The paper’s first author, Jianqin Ye, PhD, MD, senior scientist at UCSF’s Translational Cardiac Stem Cell Program, said, “These findings are very exciting . . . we showed that we can isolate these cells from the heart of middle-aged animals, even after a heart attack. . . we determined that we can return these cells to the animals to induce repair.”

Senior author Yerem Yeghiazarians, MD, director of UCSF’s Translational Cardiac Stem Cell Program and an associate professor at the UCSF Division of Cardiology, agreed with Ye’s assessment: “The finding extends the current knowledge in the field of native cardiac progenitor cell therapy. Most of the previous research has focused on a different subset of cardiac progenitor cells. These novel cardiac precursor cells appear to have great therapeutic potential.”

Yeghiazarians hopes that those patients who have suffered severe heart failure after a heart attack or have enlargement of the heart (cardiomyopathy) could still be treated with their own heart-specific stem cells to improve their overall health and heart function. Because these cells would come from the patients, there would be no concern of cell rejection after therapy.

These heart-specific stem cells are also known as Sca-1+ stem cells. Sca-1 is a small cell surface protein that is involved in cell signaling. These heart-specific Sca-1+ cells also express a transcription factor called Islet (Isl-1). These cells are known to play an important role in heart development. Most of the previous research on heart stem cells has examined different subset of cells known as “c-kit” cells.

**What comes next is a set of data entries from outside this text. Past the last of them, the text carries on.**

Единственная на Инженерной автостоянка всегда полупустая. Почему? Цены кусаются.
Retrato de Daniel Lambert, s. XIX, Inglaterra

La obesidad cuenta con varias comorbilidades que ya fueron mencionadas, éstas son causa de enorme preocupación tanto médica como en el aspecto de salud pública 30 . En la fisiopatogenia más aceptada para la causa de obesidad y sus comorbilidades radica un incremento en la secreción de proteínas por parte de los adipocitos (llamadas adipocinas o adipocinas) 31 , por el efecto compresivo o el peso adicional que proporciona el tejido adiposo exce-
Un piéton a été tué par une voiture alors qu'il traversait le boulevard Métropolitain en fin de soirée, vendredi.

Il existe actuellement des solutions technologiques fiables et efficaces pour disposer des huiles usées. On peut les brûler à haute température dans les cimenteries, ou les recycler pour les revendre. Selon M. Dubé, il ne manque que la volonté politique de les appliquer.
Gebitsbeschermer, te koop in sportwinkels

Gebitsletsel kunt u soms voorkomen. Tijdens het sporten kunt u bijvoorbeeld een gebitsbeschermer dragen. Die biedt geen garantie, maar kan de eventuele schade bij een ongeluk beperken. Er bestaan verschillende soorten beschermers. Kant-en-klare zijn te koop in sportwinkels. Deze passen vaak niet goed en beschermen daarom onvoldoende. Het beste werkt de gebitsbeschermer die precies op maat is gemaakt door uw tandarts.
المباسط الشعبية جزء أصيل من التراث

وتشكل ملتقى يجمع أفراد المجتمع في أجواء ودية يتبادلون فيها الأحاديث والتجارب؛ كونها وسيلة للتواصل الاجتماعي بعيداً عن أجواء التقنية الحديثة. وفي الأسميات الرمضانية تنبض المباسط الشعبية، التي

Sca-1+ cells, like the c-kit cells, are located within a larger clump of cells called cardiospheres.

To isolate the Sca-1+ cells, Yeghiazarians’ group devised ways to separate the Sca-1-expressing cells that were also expressing high levels of Isl-1. Sca-1 is rather easy to use for isolation, since it is a cell surface protein, but Isa-1 is a nuclear protein and is less useful for isolation purposes.

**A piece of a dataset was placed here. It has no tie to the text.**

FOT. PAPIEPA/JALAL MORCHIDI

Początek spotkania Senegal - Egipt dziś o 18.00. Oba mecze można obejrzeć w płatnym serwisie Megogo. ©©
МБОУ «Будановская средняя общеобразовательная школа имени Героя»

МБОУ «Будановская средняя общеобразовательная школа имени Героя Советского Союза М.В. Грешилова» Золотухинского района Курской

Yeghiazarians proposed that the co-expression of these two molecules that are also made during heart development suggests a strategy for heart therapy: “Heart disease, including heart attack and heart failure, is the number one killer in advanced countries. It would be a huge advance if we could decrease repeat hospitalizations, improve the quality of life and increase survival.” By giving the heart cells that are extremely similar to those cells that help construct it during development; those same cells could reconstruct the heart when it starts to fail.

More studies are on the board for the future, and these animal studies might lead to future clinical trials.